• Problem:
Pictures aside, copy exactly the lines running from the one with "Dieses Gutachten (abe)" to the end of the records.

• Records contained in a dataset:
= = = =
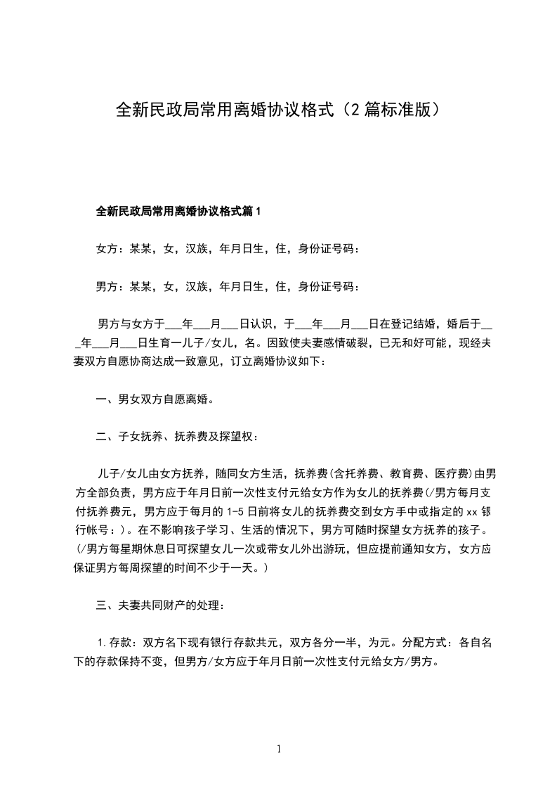 2024年民政局常用离婚协议书篇2
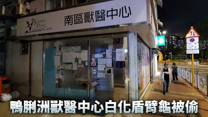 鴨脷洲一間獸醫中心遭人偷龜。下午5時許,警方接獲南區獸醫中心的職員報案,指一隻白化盾臂龜遭人偷走,警員到場調查,又翻查閉路電視,未有人被捕,將案件列作盜竊。
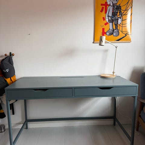 Super fint skrivebord fra Ikea. En fin blå farve. Ledningen kan gemmes, se billeder.
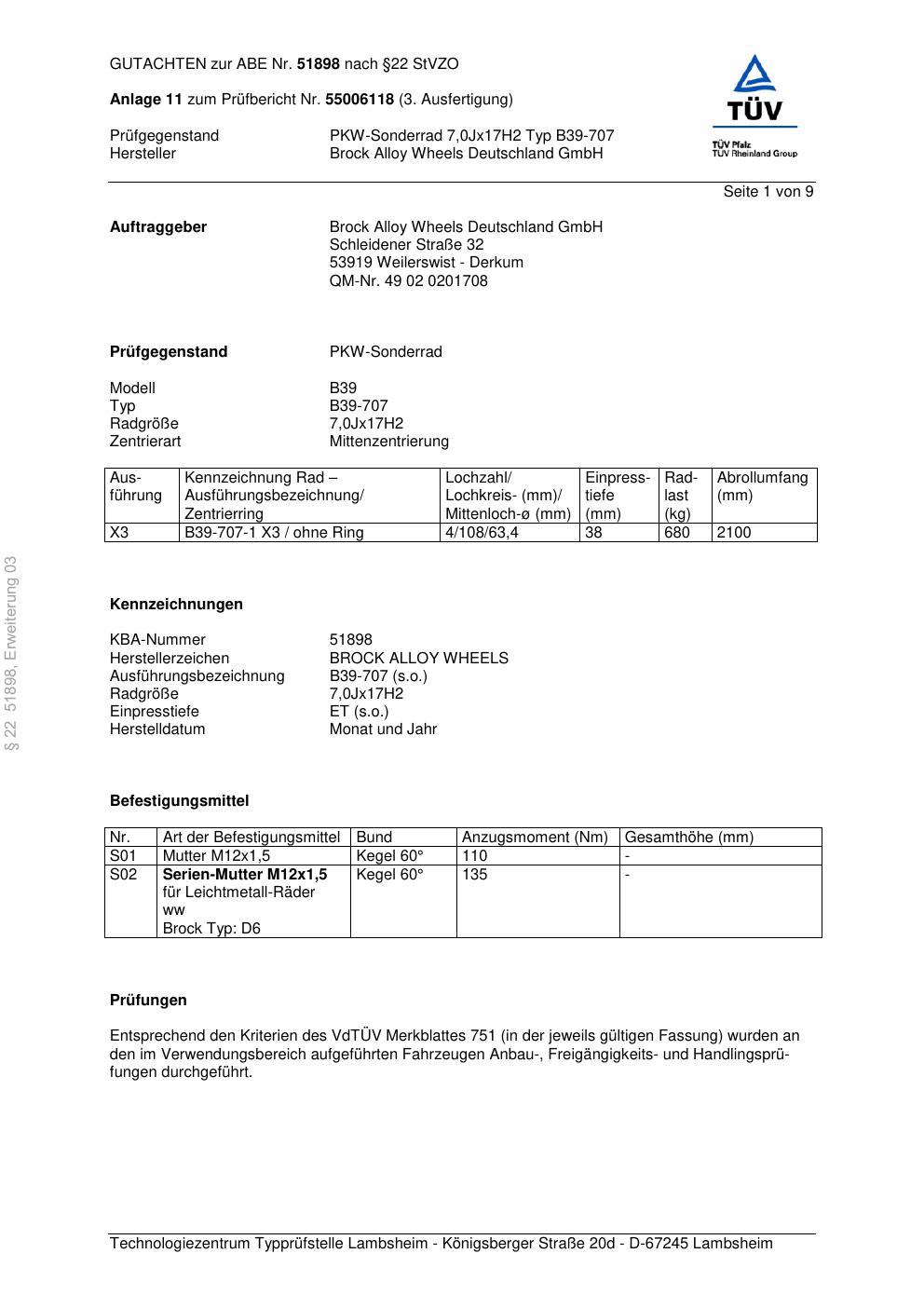 Dieses Gutachten (abe) bezieht sich auf die Alufelge Brock B39-707 in der Ausführung 7Jx17 ET 0, Mittenloch 0 mm (KBA 51898). Im PDF findest du typischerweise zulässige Reifengrößen, Auflagen/Anbauhinweise und – je nach Dokument – Hinweise zur Eintragung.
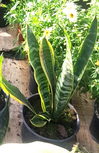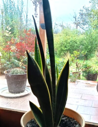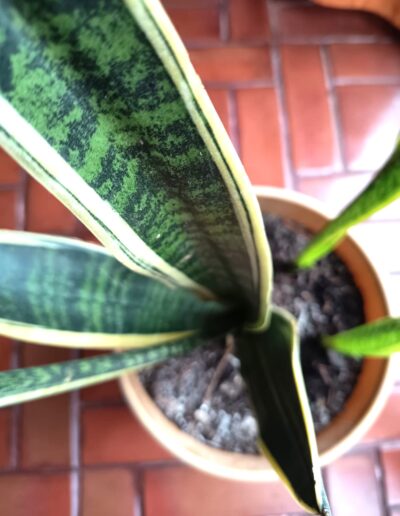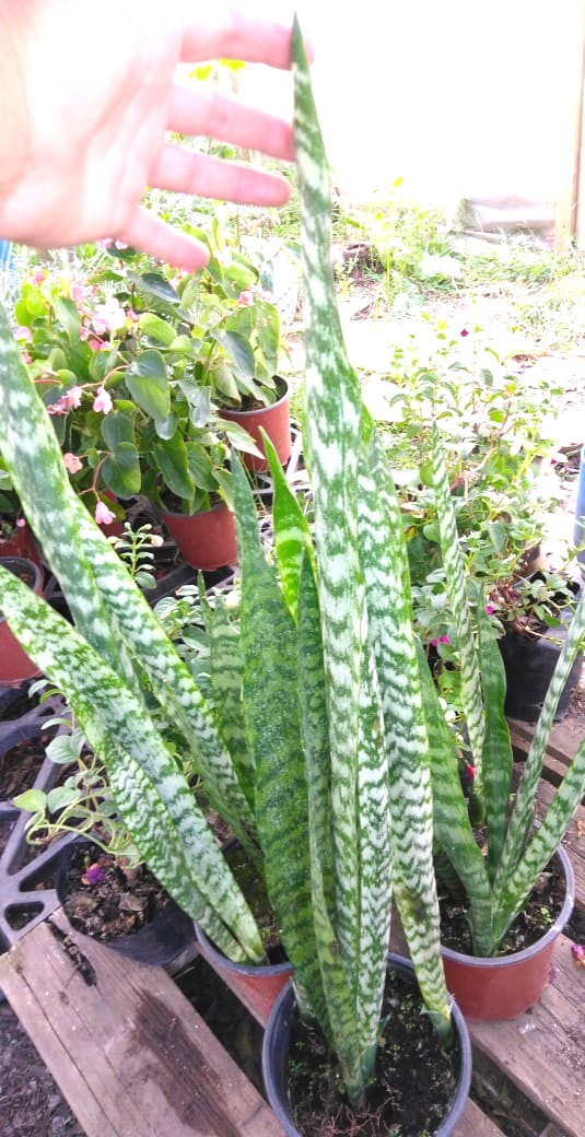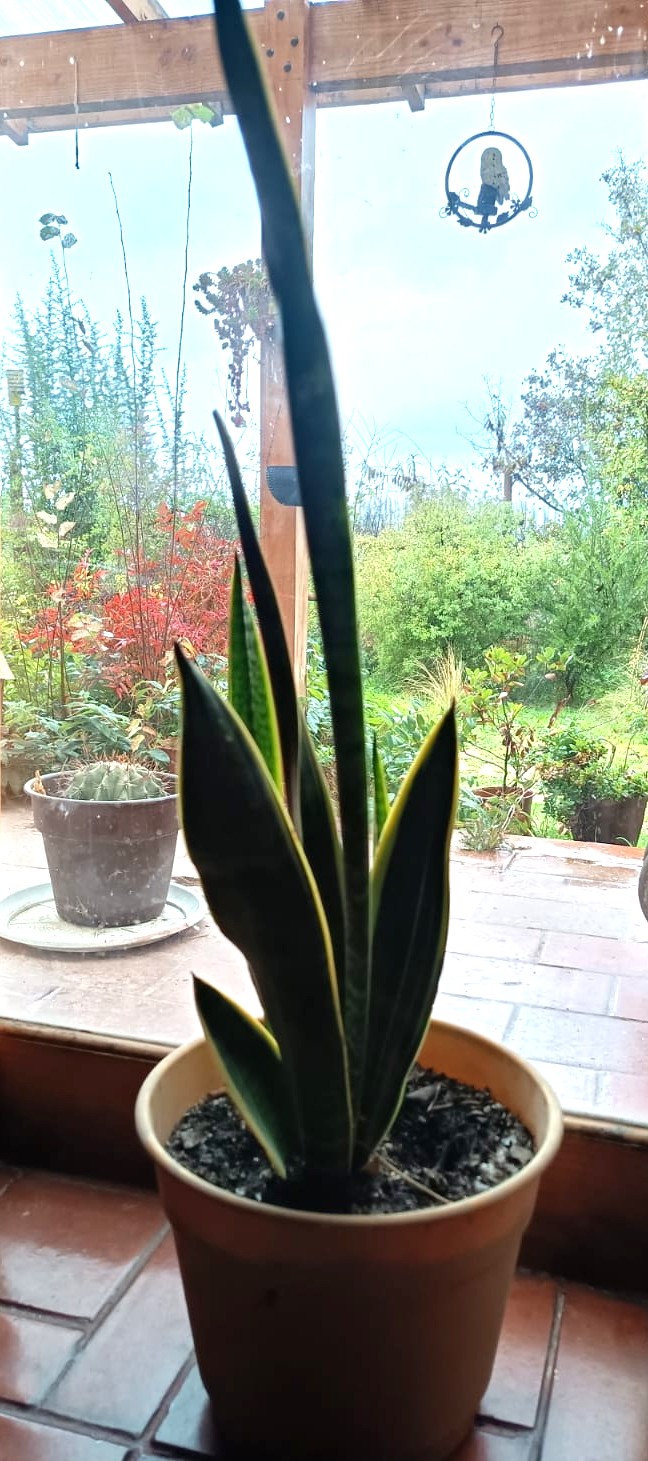 SANSEVIERIA – LENGUA DE SUEGRA ES UNA PLANTA PERENNE RIZOMATOSA DE HOJAS LARGAS Y RÍGIDAS, ERGUIDAS Y PUNTIAGUDAS, QUE PUEDE VARIAR EN COLOR Y PATRÓN. (VERDE OSCURO CON BANDAS TRANSVERSALES MÁS CLARAS, GRISÁCEAS, ETC.). ES UNA PLANTA MUY RESISTENTE Y LONGEVA, CAPAZ DE ADAPTARSE A DIFERENTES CONDICIONES DE LUZ Y TEMPERATURA. PUEDE ALCANZAR HASTA 1 METRO DE ALTURA. ES SENSIBLE AL FRÍO EXTREMO Y AL EXCESO DE RIEGO. ADEMÁS, SE HA DEMOSTRADO QUE PURIFICA EL AIRE, ELIMINANDO TOXINAS COMO EL FORMALDEHIDO Y EL BENCENO. SU USO PRINCIPALMENTE ORNAMENTAL, TANTO EN INTERIORES COMO EN EXTERIORES.
= = = =
• Response:
 Dieses Gutachten (abe) bezieht sich auf die Alufelge Brock B39-707 in der Ausführung 7Jx17 ET 0, Mittenloch 0 mm (KBA 51898). Im PDF findest du typischerweise zulässige Reifengrößen, Auflagen/Anbauhinweise und – je nach Dokument – Hinweise zur Eintragung.
 SANSEVIERIA – LENGUA DE SUEGRA ES UNA PLANTA PERENNE RIZOMATOSA DE HOJAS LARGAS Y RÍGIDAS, ERGUIDAS Y PUNTIAGUDAS, QUE PUEDE VARIAR EN COLOR Y PATRÓN. (VERDE OSCURO CON BANDAS TRANSVERSALES MÁS CLARAS, GRISÁCEAS, ETC.). ES UNA PLANTA MUY RESISTENTE Y LONGEVA, CAPAZ DE ADAPTARSE A DIFERENTES CONDICIONES DE LUZ Y TEMPERATURA. PUEDE ALCANZAR HASTA 1 METRO DE ALTURA. ES SENSIBLE AL FRÍO EXTREMO Y AL EXCESO DE RIEGO. ADEMÁS, SE HA DEMOSTRADO QUE PURIFICA EL AIRE, ELIMINANDO TOXINAS COMO EL FORMALDEHIDO Y EL BENCENO. SU USO PRINCIPALMENTE ORNAMENTAL, TANTO EN INTERIORES COMO EN EXTERIORES.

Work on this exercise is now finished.